# confused and hurt



## noideato20 (Oct 27, 2009)

my husband may be considering divorce but told me for now he is just trying to figure out if he has any feelings for me at all and he just cant answer that right now
_Posted via Mobile Device_


----------



## StrongEnough (Nov 25, 2008)

I see you are posting via a mobile device, or cell phone, but can you provide any additional background information?


----------



## noideato20 (Oct 27, 2009)

yes i hope im doing this right. 17 year marriage weve had are ups and down for sure. One day a week and a half ago he just tells me all these things pilled up about us and he was just left empty concerning me that he had to figure out whether he could still have feelings for me and he was tired of walking on eggshells and i would have to give him time to think. So i started with the crying and the begging to no avail so over the week or two just tried to be cheerful spend more time with the kids ect.... I just feel like its really over he has stopped with any physical closeness at all. no phone calls no text. no i love yous. this is the hardest thing i have ever been through
_Posted via Mobile Device_


----------



## StrongEnough (Nov 25, 2008)

Was there any single event that triggered this? The more info you provide, the easier it will be to find help and support through this time.

First though, I would not beg him to stay. Start working on yourself and be the best you that you possibly can. You cannot change him or his feelings.


----------



## noideato20 (Oct 27, 2009)

its the sex i think it all revolves around that i got mad yet again over it and hes just fed up he says its his problem and he will decide when to get help so thats what happened
_Posted via Mobile Device_


----------



## StrongEnough (Nov 25, 2008)

What is the problem with the sex? Not enough? Not initiating? Can't perform? Different wants?


----------



## noideato20 (Oct 27, 2009)

not enough says its cause of performance issues and apparently i havent been supportive about that but i just cant see how you go from that to and by the way i have no feelings for you
_Posted via Mobile Device_


----------



## StrongEnough (Nov 25, 2008)

Has he seen a dr about it? He is probably embarrassed.


----------



## fullofanger (Oct 24, 2009)

Have you read the book "Fireproof"? There's also a movie out. Your situation kinda reminds me of that. You didn't say much about yourself or him. Be more specific about everything and you will get some real advice. There's people with similar situations that can give you advice. Just be specific.


----------



## noideato20 (Oct 27, 2009)

I have read the book and did most of the dares It seemed like we were doing ok. the long and short of it is alot of it is my fault i went through a period after my mother died that i was drinking alot. So now the last couple of years im better going yo church better mother was trying to be a better wife. guess to little to late. he told me everything just built up between us then one day it just collapsed. he said if i felt like him i would have left along time ago. ive tried to do all the things act happy stay busy show my strength but i can help it if im all twisted up i lost my best friend like i said it just dissapeared. i dont know what to say or do next. we have two left at home senior and middle school guess hes trying not to disrupt them im so clueless all i know is he did an excellent job of hiding his feelings all those years
_Posted via Mobile Device_


----------



## StrongEnough (Nov 25, 2008)

Have you asked him to consider counseling to help sort out his feelings and issues?


----------



## noideato20 (Oct 27, 2009)

yes and he wont have that doesnt believe in it
_Posted via Mobile Device_


----------



## StrongEnough (Nov 25, 2008)

So he won't do counseling and he won't see a dr to get himself properly evaluated to see what is going on? Sounds like he does not want to work on the marriage much.

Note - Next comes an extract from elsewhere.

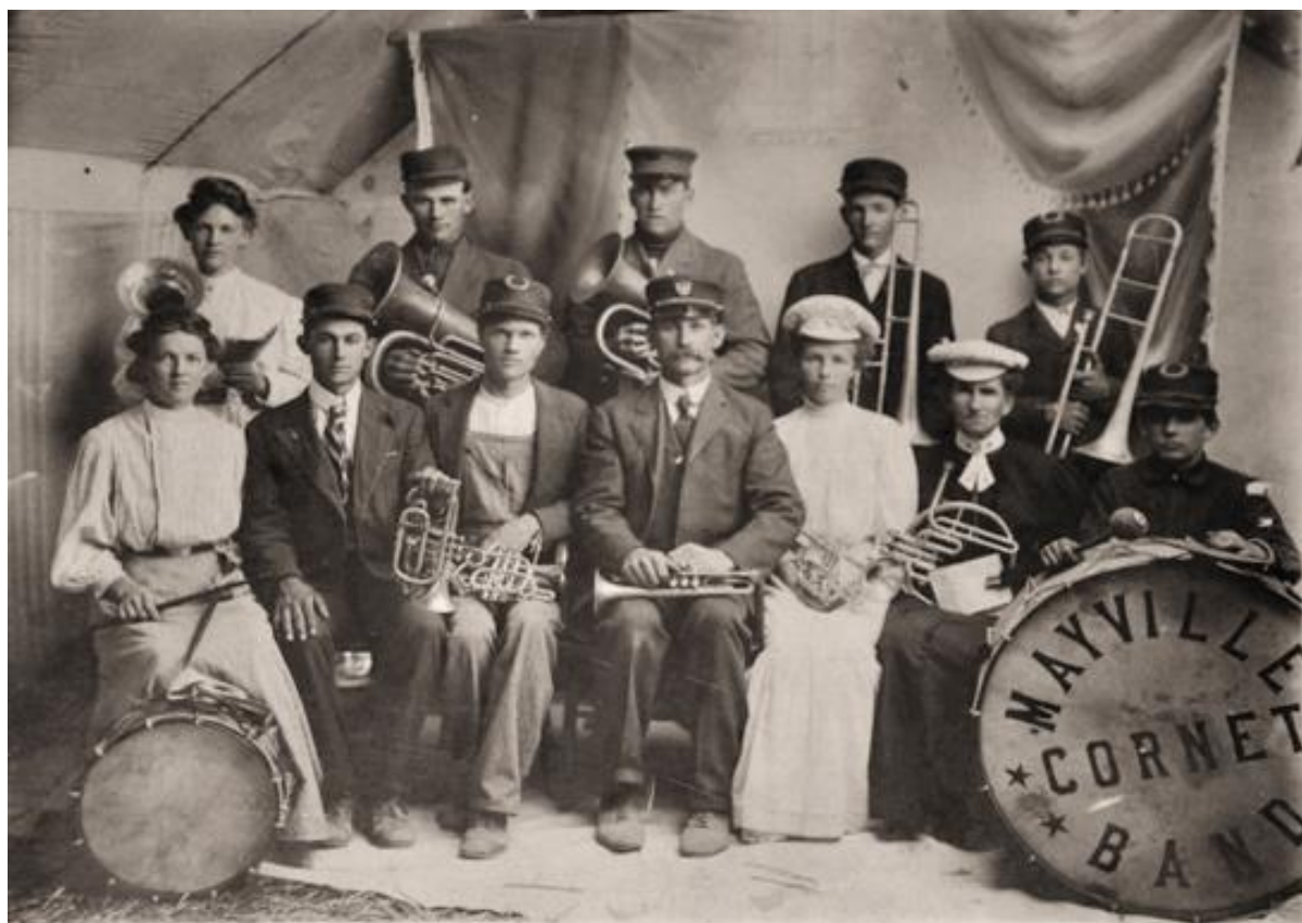
Mayville Cornet Band

Have you thought about a trial separation?


----------



## noideato20 (Oct 27, 2009)

no i really havent i guess hes thinking about it. I told him all I needed was to know does he want to try and make the marriage work and he told me he couldnt answer that right now. I guess im just waiting but i just hate it. Iike i said trying to stay busy going on church retreat with smallest son next week maybe that will help it just sucks to feel like your the only one that wants to fight for your marriage.
_Posted via Mobile Device_


----------



## StrongEnough (Nov 25, 2008)

I suggest you ask for a separation. You cannot sit around waiting on him to make up his mind. Take a proactive step, rather than waiting around to react to his next move. 

He told you that he does not know if he wants to make it work.
A separation would allow him that time to figure it out.


----------



## noideato20 (Oct 27, 2009)

i know your right about that just feel selfish disrupting the kids lives like that i know its true though because now that i thiink about it when we had the initial fight he told me he didnt have anywhere to go which means i want to go but have nowhere to go. Man this sucks feeling like this. its demeaning
_Posted via Mobile Device_


----------



## StrongEnough (Nov 25, 2008)

If he wants out, he needs to go. NOT YOU.

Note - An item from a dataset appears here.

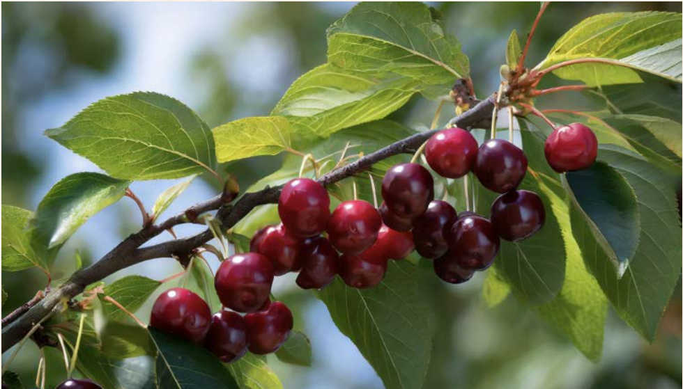
Wîkchemnâ Nûm (20). Châpa wîkchemnâ nûm (20 chokecherries).

I understand disrupting the kids, but do you think they not feel the tension in the house right now?

He won't make a decision because he has no where to go?


----------



## noideato20 (Oct 27, 2009)

thats what he said how long would you wait before you asked if he had come to a decision if he asked for time to think?
_Posted via Mobile Device_


----------



## StrongEnough (Nov 25, 2008)

I would not wait. If my husband said he did not know what he wanted, I would make the decision, but that is me. Each situation is different. I would not want him left holding all the cards and me waiting on pins and needles for him to decide if I am good enough for him to try again.

You have to decide if you want to make the marriage work and if you want to be in it. I suggest a separation.


----------



## noideato20 (Oct 27, 2009)

yep thats right because it is like saying am i good enough are you sure you dont want me. anyway guess i will be doing some soul searching i appreciate the advice its nice to have someone to talk to.
_Posted via Mobile Device_


----------



## StrongEnough (Nov 25, 2008)

How about individual counseling for yourself to help sort out your feelings. Even if he does decide that he wants to work on it, I sense that you will have lingering resentment toward him for being on the fence. I would suggest counseling for yourself. Figure out what you want. You don't have to wait for him to make a decision.


----------